### TO DO
When the line with "Caixa para 2" turns up below, begin repeating exactly, and carry on through the line with "- 【Height Adjustable】The"; no pictures go into the copy.

### PROVIDED RECORDS

Start of Block

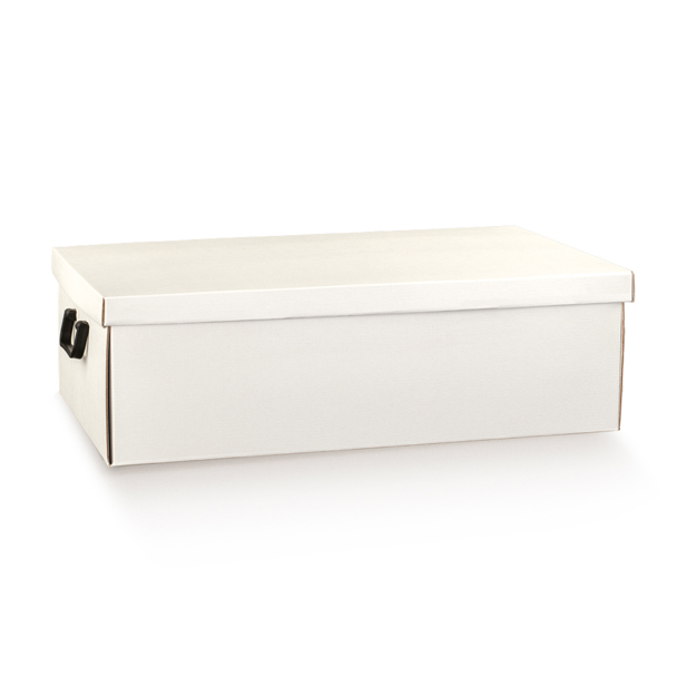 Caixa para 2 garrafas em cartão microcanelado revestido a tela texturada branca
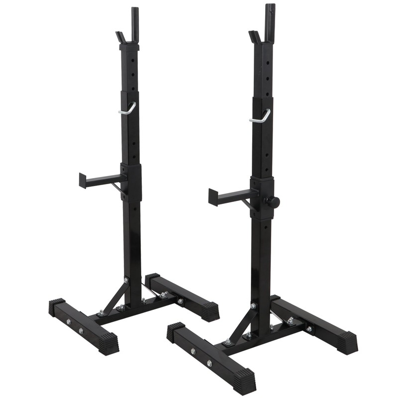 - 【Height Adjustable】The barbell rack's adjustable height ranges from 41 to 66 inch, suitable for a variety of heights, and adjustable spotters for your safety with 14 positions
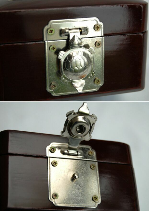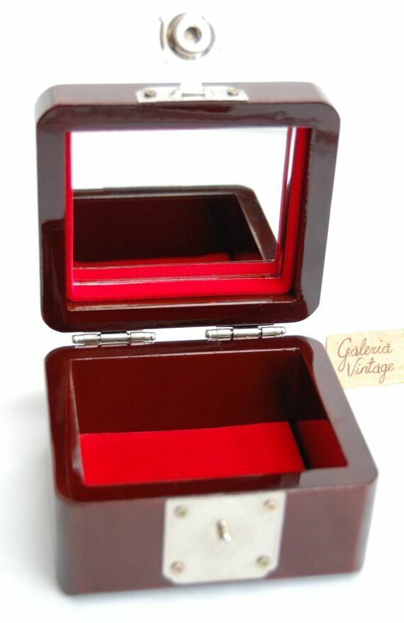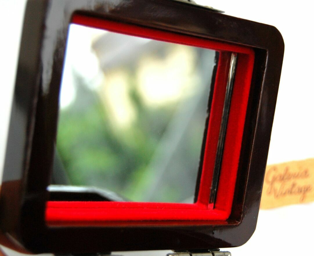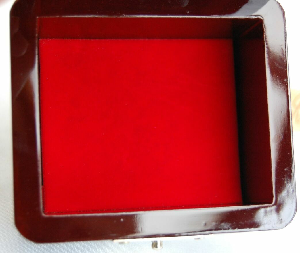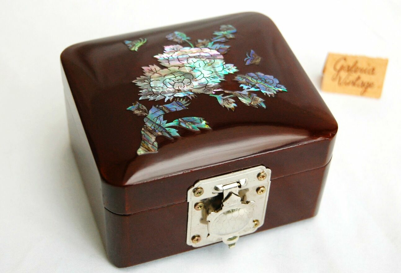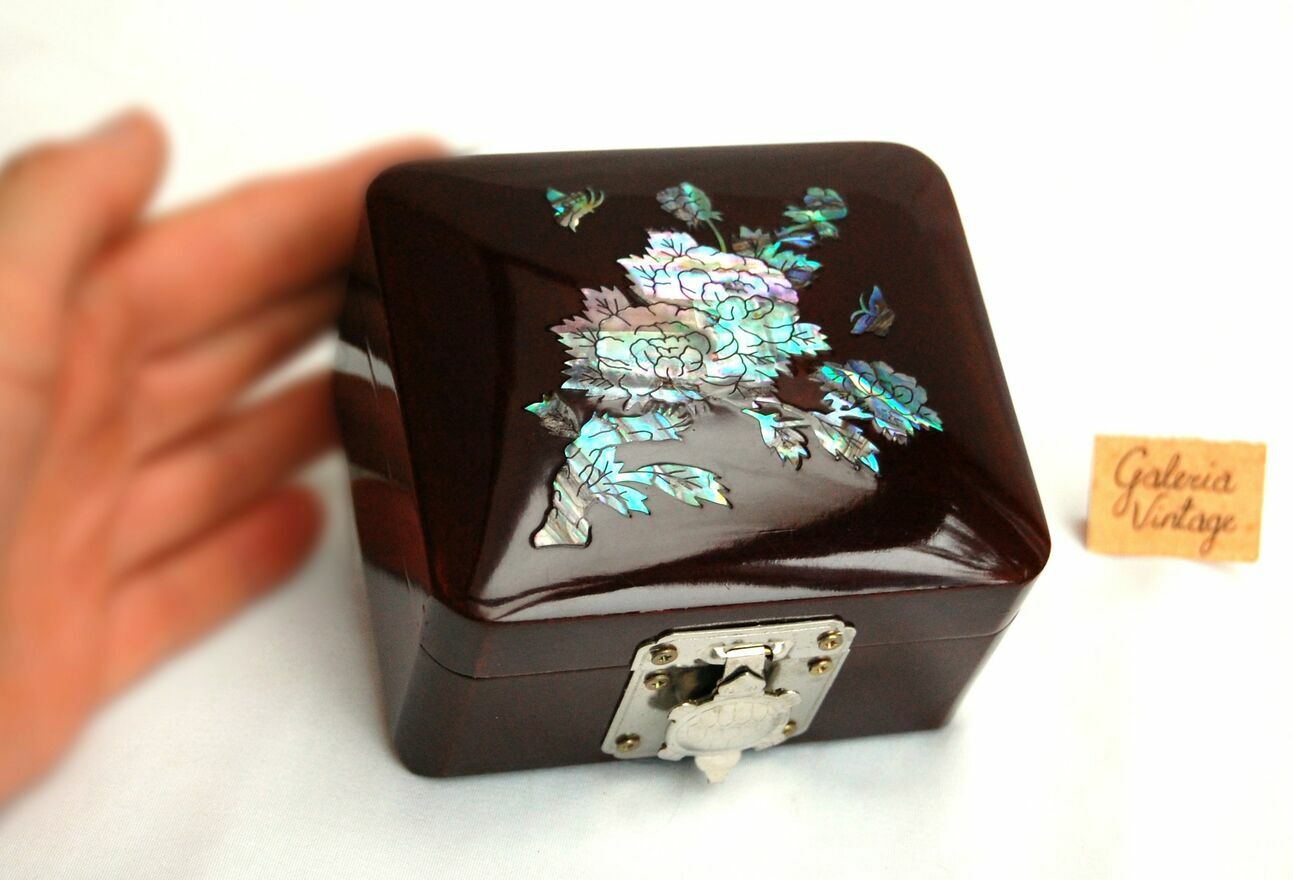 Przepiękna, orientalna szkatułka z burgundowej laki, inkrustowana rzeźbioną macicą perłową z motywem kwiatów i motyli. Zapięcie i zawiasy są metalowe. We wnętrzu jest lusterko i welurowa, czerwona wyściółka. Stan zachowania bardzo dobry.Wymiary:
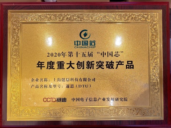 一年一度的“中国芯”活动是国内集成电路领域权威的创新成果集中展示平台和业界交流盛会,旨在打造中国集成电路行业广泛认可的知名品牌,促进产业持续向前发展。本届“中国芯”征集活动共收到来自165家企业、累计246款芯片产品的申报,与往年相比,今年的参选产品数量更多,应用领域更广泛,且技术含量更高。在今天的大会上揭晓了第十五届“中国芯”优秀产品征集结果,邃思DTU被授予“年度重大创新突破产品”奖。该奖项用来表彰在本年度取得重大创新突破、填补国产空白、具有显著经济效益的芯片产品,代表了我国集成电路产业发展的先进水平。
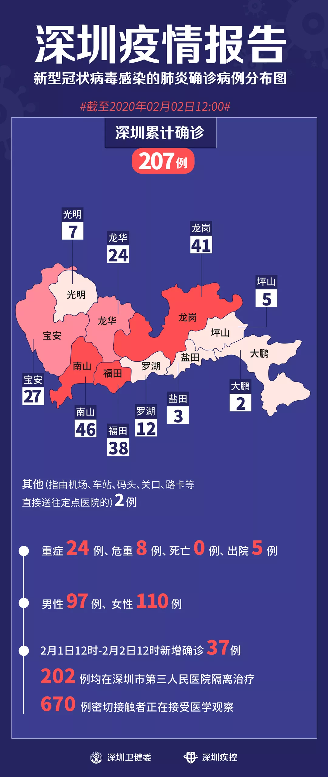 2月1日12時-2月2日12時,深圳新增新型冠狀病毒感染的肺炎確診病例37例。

End of Block
Start of Block

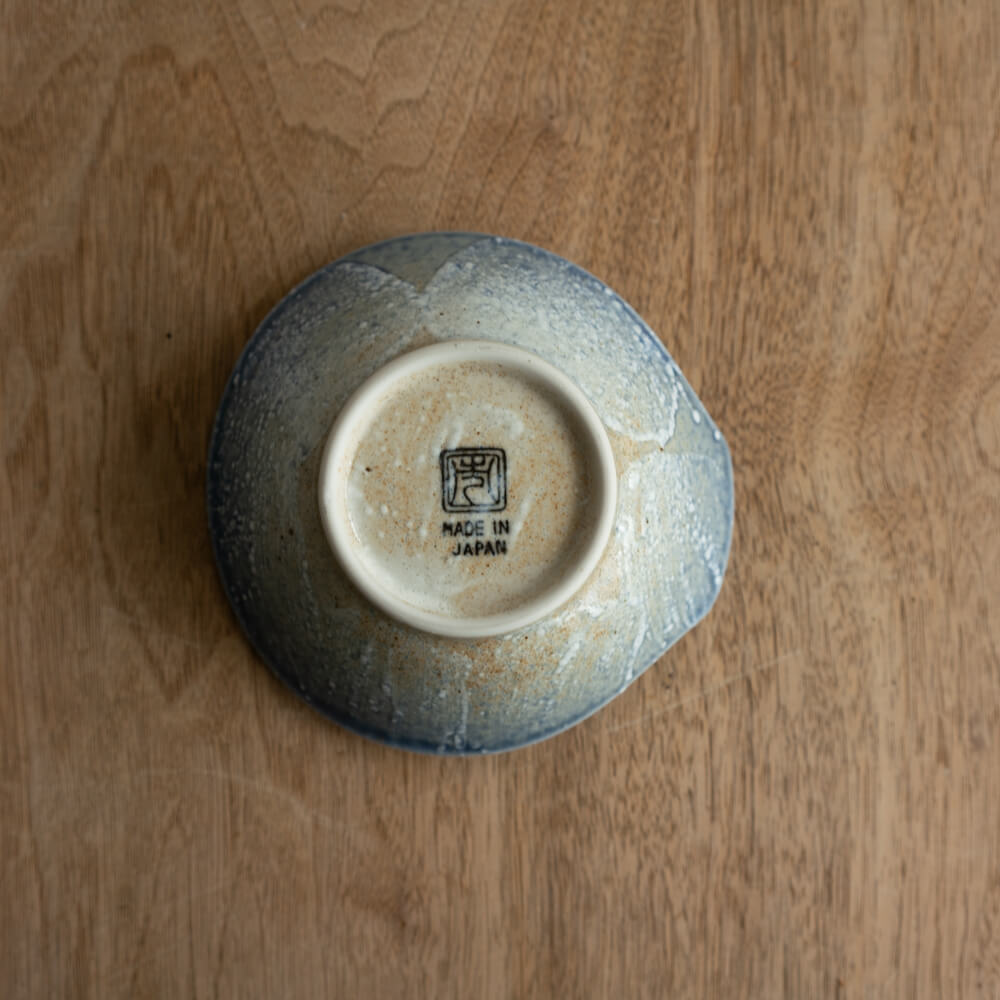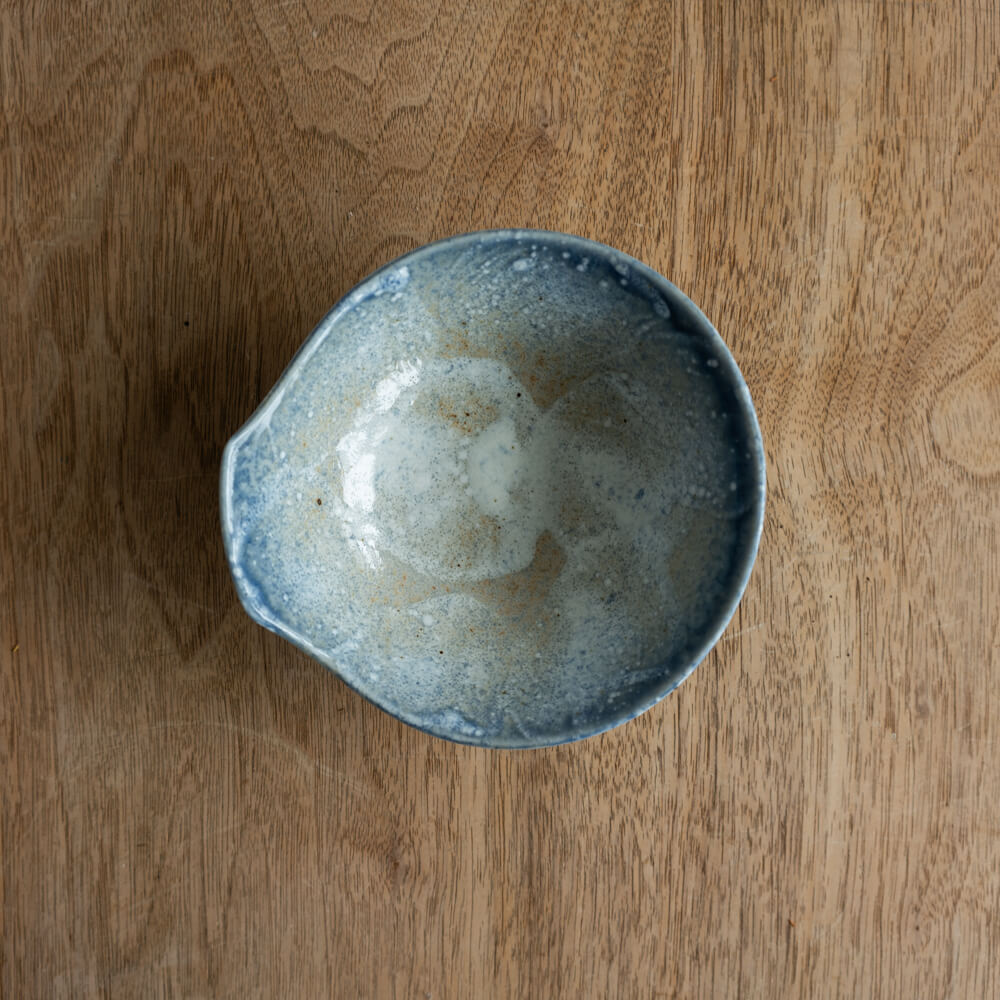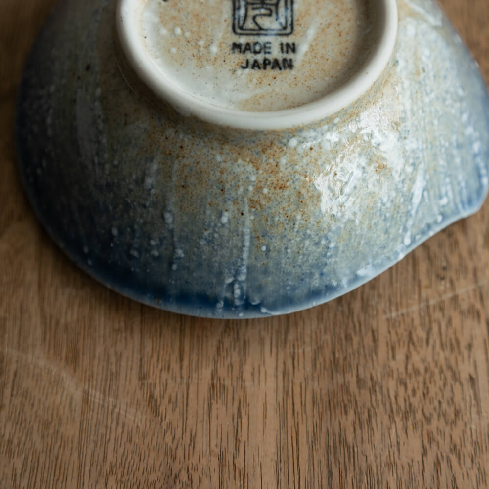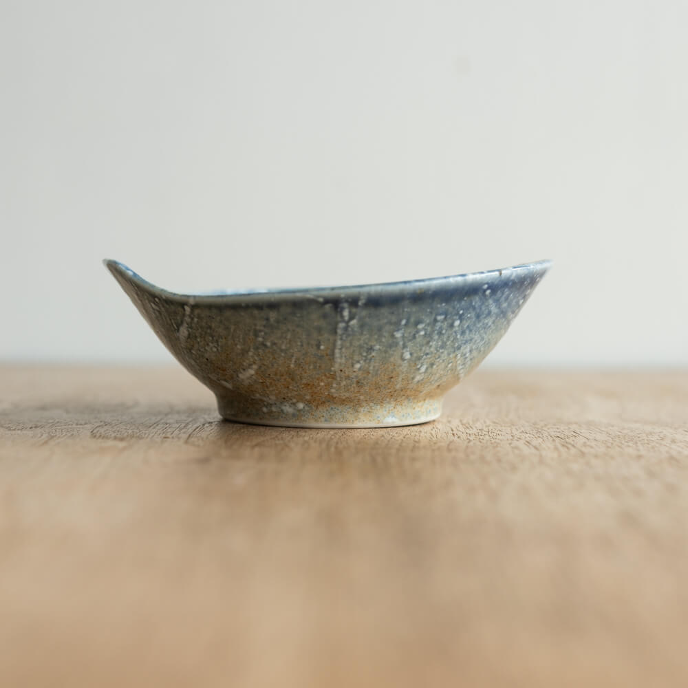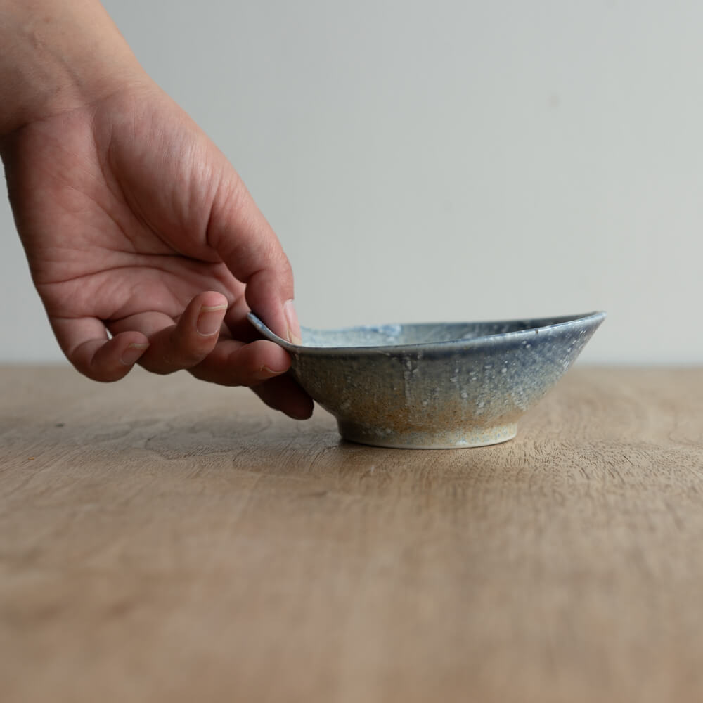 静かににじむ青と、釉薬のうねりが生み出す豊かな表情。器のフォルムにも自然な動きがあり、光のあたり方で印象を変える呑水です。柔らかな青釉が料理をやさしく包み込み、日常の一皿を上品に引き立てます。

End of Block

### EXERCISE ANSWER
 Caixa para 2 garrafas em cartão microcanelado revestido a tela texturada branca
 - 【Height Adjustable】The barbell rack's adjustable height ranges from 41 to 66 inch, suitable for a variety of heights, and adjustable spotters for your safety with 14 positions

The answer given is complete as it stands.